Here, α is a hyper parameter, which is determined using a development set or the like. According to Equation (11), the model parameter w can be estimated without using the correct symbol sequence. The estimation of the model parameter w can be specifically performed by a known method such as L-BFGS. Further, in the case of the GCLM method disclosed in Non-Patent Document 5, the formula (2)
May be transformed as shown in Equation (12) to obtain w that minimizes the value of L in Equation (12).

Here, ‖w‖ is a norm, and it is known that a robust estimation result can be obtained by using this norm. C is a hyperparameter, which is determined using a development set or the like.

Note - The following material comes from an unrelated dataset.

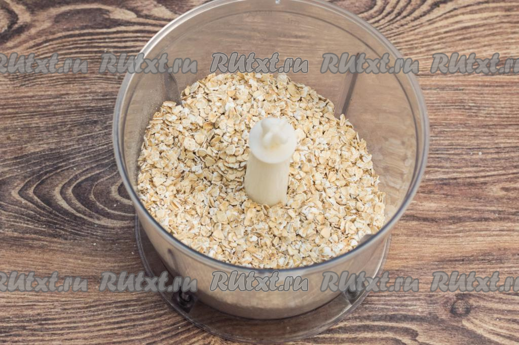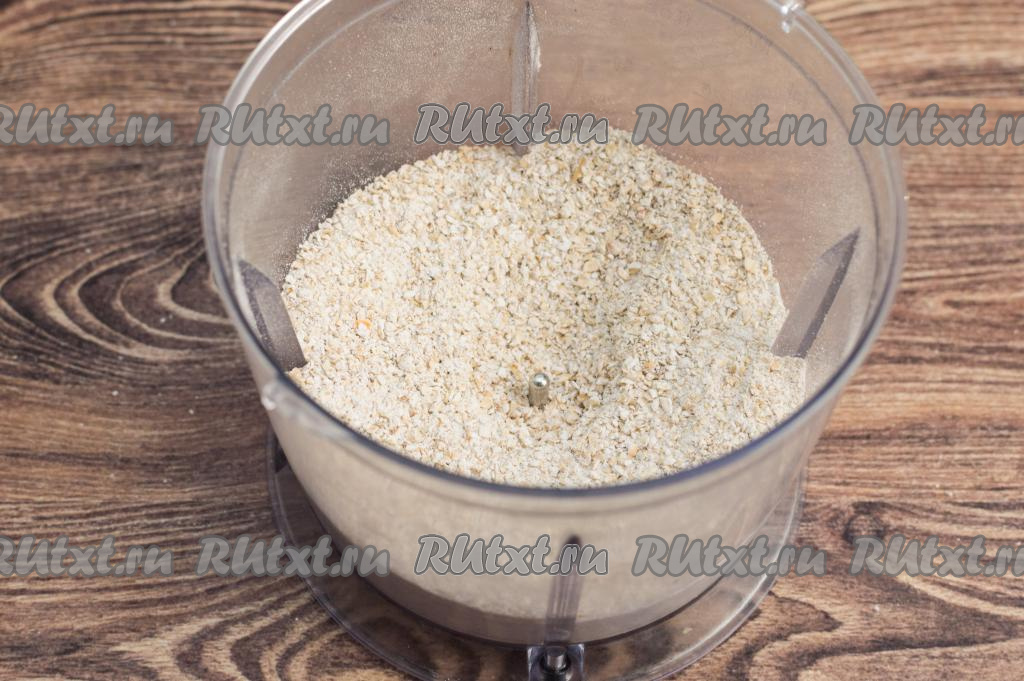 Измельчить овсяные хлопья до получения однородной овсяной муки. Если нет измельчителя, тогда можно измельчить хлопья погружным блендером или в электрической кофемолке.

According to Expression (12), it is guaranteed that the estimation result of the model parameter w converges to the optimal solution. Specifically, the model parameter w can be estimated by a known method such as L-BFGS.

<Verification of effects>
A Japanese spoken corpus (CSJ) is used to verify the effect of the present invention. CSJ is a database consisting of speech data and transcripts. In the verification, two sets for evaluation and for learning and for development shown in FIG. 3 were prepared.

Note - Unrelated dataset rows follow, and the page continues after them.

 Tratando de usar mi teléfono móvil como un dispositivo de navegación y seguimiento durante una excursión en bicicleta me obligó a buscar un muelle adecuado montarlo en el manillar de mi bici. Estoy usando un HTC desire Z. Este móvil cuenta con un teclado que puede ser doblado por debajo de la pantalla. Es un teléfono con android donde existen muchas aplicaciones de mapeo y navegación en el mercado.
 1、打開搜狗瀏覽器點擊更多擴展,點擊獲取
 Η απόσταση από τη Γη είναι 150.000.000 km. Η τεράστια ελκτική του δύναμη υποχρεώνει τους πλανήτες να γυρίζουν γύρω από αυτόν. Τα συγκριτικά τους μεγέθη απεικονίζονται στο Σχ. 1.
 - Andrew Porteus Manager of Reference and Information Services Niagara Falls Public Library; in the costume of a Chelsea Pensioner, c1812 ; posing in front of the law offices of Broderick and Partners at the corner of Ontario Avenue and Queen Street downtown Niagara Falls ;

  The lecture was divided into utterance units, and a 5000-best list was created with a speech recognition system. That is, the number of lists matches the number of utterances. The symbol series is a speech recognition result, and there are a maximum of 5000 symbol series in each list. For the feature, uni, bi-, tri-gram boolean and speech recognition score were used. For the importance, the rank in the list of each symbol series (ascending order of word error rate) was used. Note that the word error rate shown in FIG. 3 is calculated for the recognition result having the largest recognition score in the 5000-best list output by the speech recognition system. Perplexity is an index representing the proximity of data, and is calculated by a language model in the speech recognition system. It can be seen from the size of the perplexity that the evaluation B includes many different properties from the other sets.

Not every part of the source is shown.